After Copenhagen: Greens disappointed and directionless

Victory is in the air!  Copenhagen was a disaster for global warming alarmists.  And they know it.  Last Friday, January 22 there was a town hall meeting for NGOs called “Moving forward from Copenhagen” in Washington, D.C.  It was hosted by the United Nations Association of the USA’s Council of Organizations.  The moderator was Angela Anderson, an alarmist and program director for the US Climate Action Network.  This made it clear from the start that they were not interested in a genuine discussion about the issues, but only in finding a new way to push forward their agenda.

The mood was one of disappointment and confusion.  The global warming crowd has been planning for years to get a strong treaty passed to succeed the Kyoto Protocol.  Instead, COP15 produced a vague document that likely will be ignored and quickly forgotten.  Anderson captured the general sentiment when she said despondently, “I dedicated two years of my life to getting an agreement in Copenhagen.  Now what?”

Shut out the third-world

Bruce Rich, Senior Counsel for the Sierra Club, is apparently willing to deny 172 countries, including most of the developing world, the right to participate in the policymaking process.  He declared that the “UNFCCC process is a shambles” and suggested abandoning the UN forum.  Given the urgency, he said, the G20 might be a better place for pushing through a global climate change accord.

The arrogance implicit in this idea is shocking.  If the greens were truly concerned about the impact of global warming on the world’s poorest and most vulnerable nations, they would not attempt to shut them out of the solution.  At best, it is elitist.  Moving the discussion to the G20 would mean only the most prosperous nations of the world could participate in a ‘solution’ to global warming.  At worst, if the G20 nations attempted to institute an agreement that restricted the options available to the developing world, it is a form of eco-imperialism.

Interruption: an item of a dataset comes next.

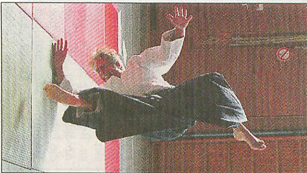
Berg - Der fliegende Professor! Im Rahmen des Aikikan-Biberkor-Forum, einer öffentli-

Carole Conors from the UNA-USA disagreed with Rich, praising the transparency of the of the UN process.  But even she suggested that the rules of procedure needed to be reformed away from the current consensus procedure.  In other words, everyone is frustrated that China and the rest of the developing world were able to prevent a treaty by walking out on the negotiations.  Nevertheless, they were not able to agree on a new strategy.

More propaganda

About the only thing they all agreed on was the need to push their distorted view of the science on the public even more than they have for the past decade.  Conors blamed the American public for the Senate’s failure to act on the cap and trade bill: “We desperately need public education.  The public doesn’t understand this topic. . . .  Politicians can’t go way beyond what their constituents want them to do.”  Thank goodness this is still a democracy!

Why they think more “public education” will work is a mystery.  If the past two decades of using the news media as a mouthpiece for their propaganda and a major motion picture have been unable to convince the public, it is doubtful there is anything left that can.  Now it is our turn, as realists, to present our case, and if our victory in Copenhagen reflects public opinion at all, the people are listening.

As we put the last of the alarmists’ apocalyptic claims to rest, the world should take the opportunity to promote progress in the developing world.  The market must be allowed to provide developing nations with the latest clean coal, gas, and nuclear technologies—regardless of their carbon footprint.  This will allow the poor to gain better access to food, water, and energy as well as giving them the opportunity to rise out of poverty.  The West did so once, over two hundred years ago in the Industrial Revolution.  It is time the rest of the world had the same chance.